= Problem description =
Output the lines from the one holding "Заря — камерное" to the end of the entries that follow, exactly and only those, minus any pictures.

(Records from a collection)
*** Block opens ***

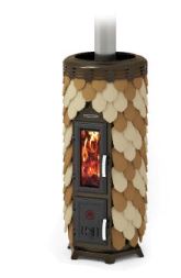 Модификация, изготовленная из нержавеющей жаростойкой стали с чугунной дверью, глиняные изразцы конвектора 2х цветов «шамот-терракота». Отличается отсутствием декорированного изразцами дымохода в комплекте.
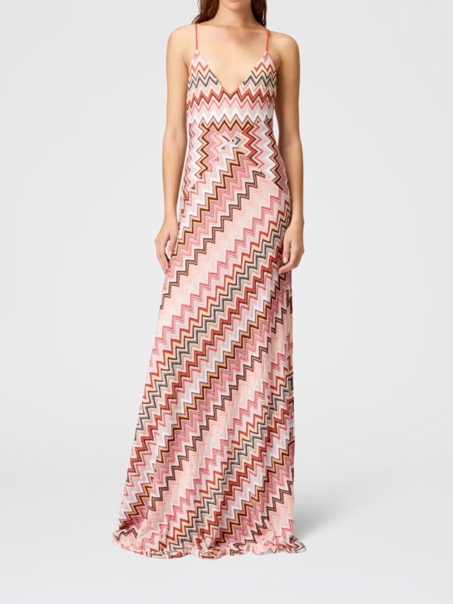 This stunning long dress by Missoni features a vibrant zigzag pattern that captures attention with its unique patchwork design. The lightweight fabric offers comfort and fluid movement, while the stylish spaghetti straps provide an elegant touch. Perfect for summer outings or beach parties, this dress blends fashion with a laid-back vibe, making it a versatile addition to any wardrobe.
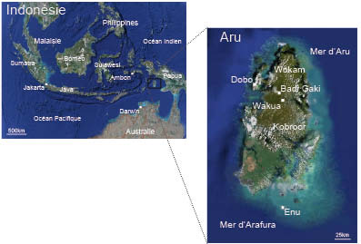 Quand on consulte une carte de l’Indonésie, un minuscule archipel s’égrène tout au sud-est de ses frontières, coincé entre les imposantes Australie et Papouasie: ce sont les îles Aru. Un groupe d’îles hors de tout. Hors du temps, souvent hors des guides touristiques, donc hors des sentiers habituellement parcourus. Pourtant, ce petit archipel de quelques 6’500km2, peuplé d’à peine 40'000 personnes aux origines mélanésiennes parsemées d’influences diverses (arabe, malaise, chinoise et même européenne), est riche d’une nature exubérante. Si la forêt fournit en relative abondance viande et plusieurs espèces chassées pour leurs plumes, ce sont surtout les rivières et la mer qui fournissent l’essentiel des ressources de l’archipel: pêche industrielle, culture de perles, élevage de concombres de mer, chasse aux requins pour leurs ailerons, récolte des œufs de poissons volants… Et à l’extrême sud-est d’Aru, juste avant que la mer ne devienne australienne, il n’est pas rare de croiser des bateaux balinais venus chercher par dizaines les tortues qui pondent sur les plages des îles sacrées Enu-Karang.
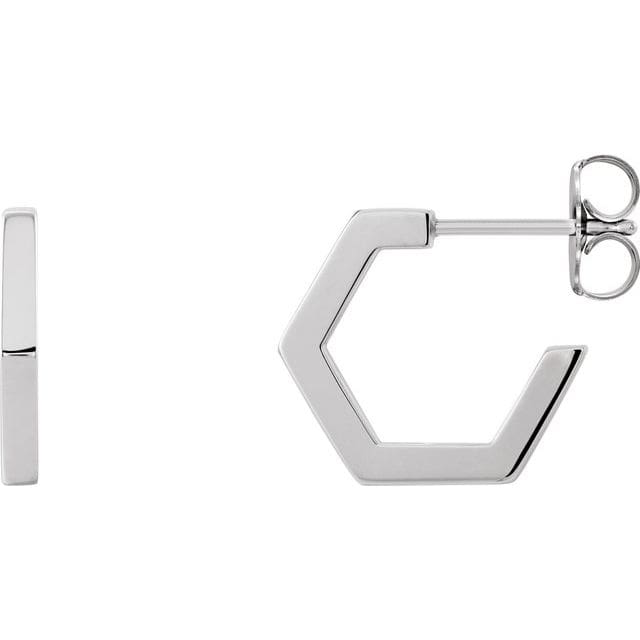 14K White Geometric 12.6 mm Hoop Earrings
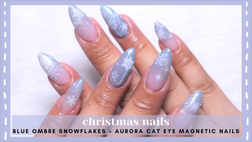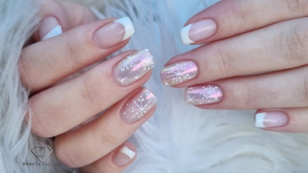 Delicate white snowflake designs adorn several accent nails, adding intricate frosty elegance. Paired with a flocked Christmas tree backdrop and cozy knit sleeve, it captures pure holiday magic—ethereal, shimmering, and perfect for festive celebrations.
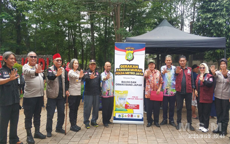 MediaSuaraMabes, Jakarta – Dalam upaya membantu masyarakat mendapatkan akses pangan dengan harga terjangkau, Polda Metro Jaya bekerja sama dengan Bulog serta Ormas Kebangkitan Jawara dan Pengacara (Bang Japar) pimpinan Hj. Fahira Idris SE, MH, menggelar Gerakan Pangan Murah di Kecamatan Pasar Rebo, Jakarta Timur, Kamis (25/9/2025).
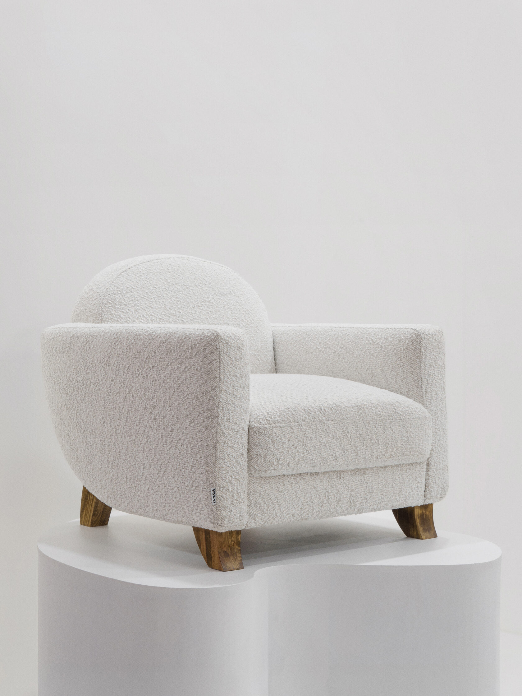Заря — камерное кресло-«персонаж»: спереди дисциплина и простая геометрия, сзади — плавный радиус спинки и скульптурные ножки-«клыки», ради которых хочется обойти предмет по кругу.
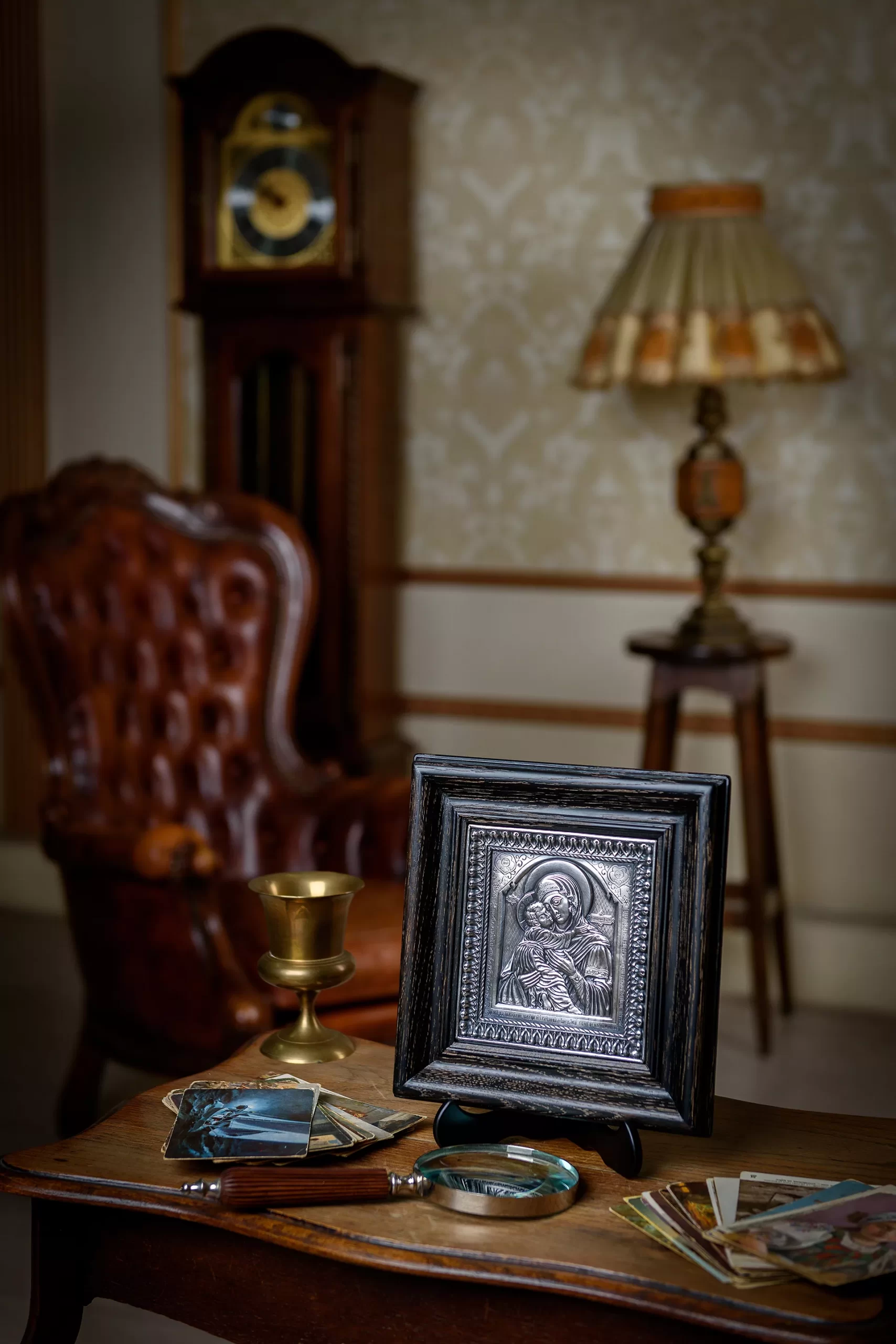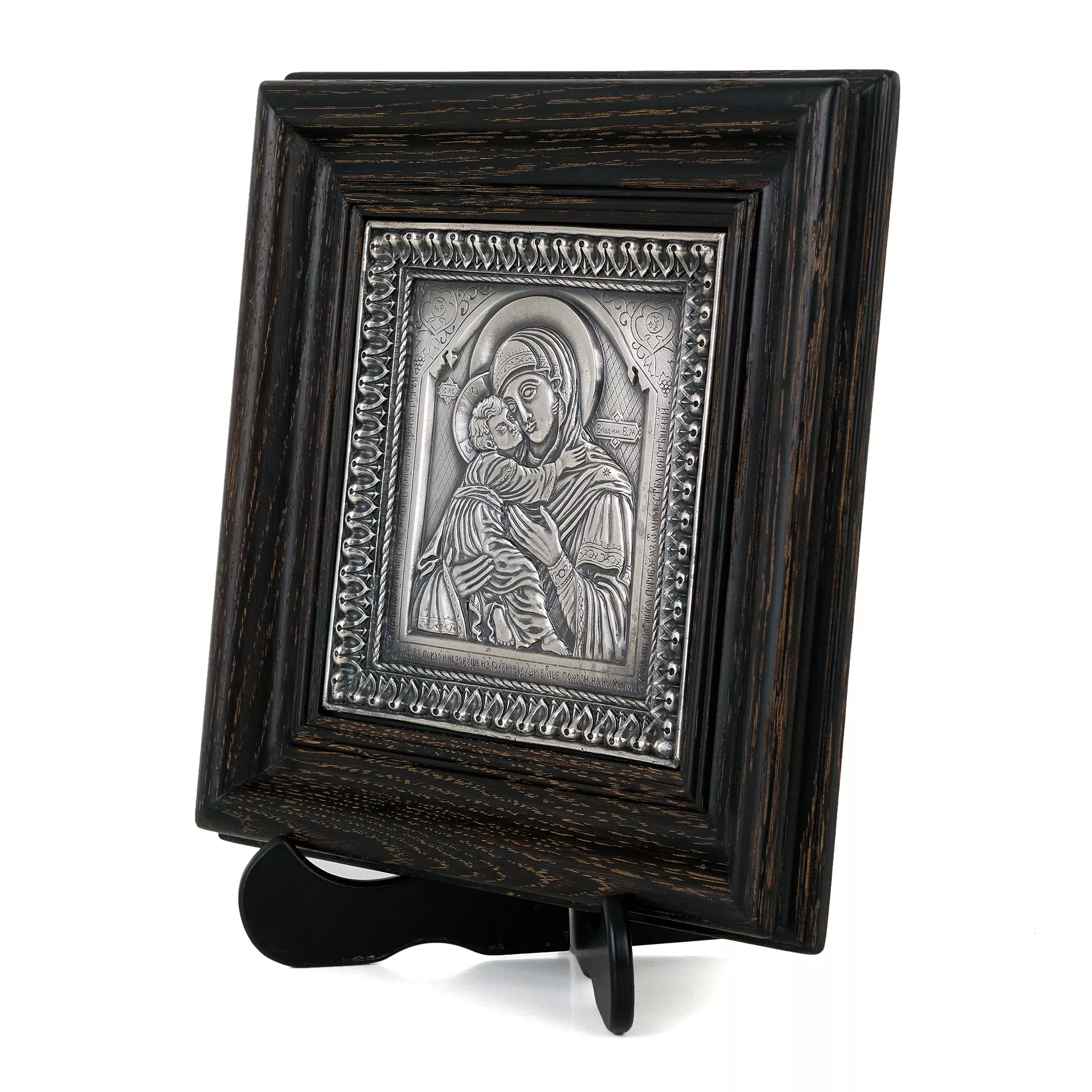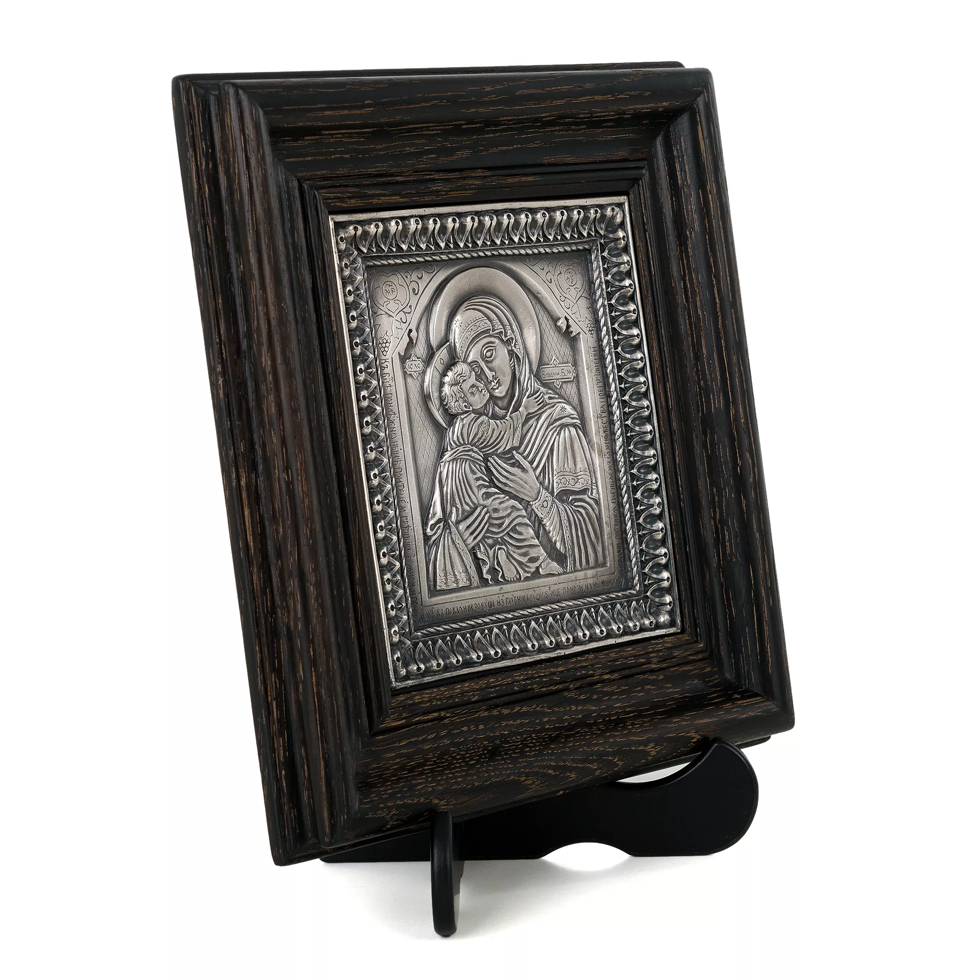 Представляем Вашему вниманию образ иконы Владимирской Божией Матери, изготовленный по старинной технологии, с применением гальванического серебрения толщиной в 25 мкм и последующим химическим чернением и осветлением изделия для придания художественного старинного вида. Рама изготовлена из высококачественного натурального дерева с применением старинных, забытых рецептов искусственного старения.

*** Block closes ***

= Expected answer =
Заря — камерное кресло-«персонаж»: спереди дисциплина и простая геометрия, сзади — плавный радиус спинки и скульптурные ножки-«клыки», ради которых хочется обойти предмет по кругу.
 Представляем Вашему вниманию образ иконы Владимирской Божией Матери, изготовленный по старинной технологии, с применением гальванического серебрения толщиной в 25 мкм и последующим химическим чернением и осветлением изделия для придания художественного старинного вида. Рама изготовлена из высококачественного натурального дерева с применением старинных, забытых рецептов искусственного старения.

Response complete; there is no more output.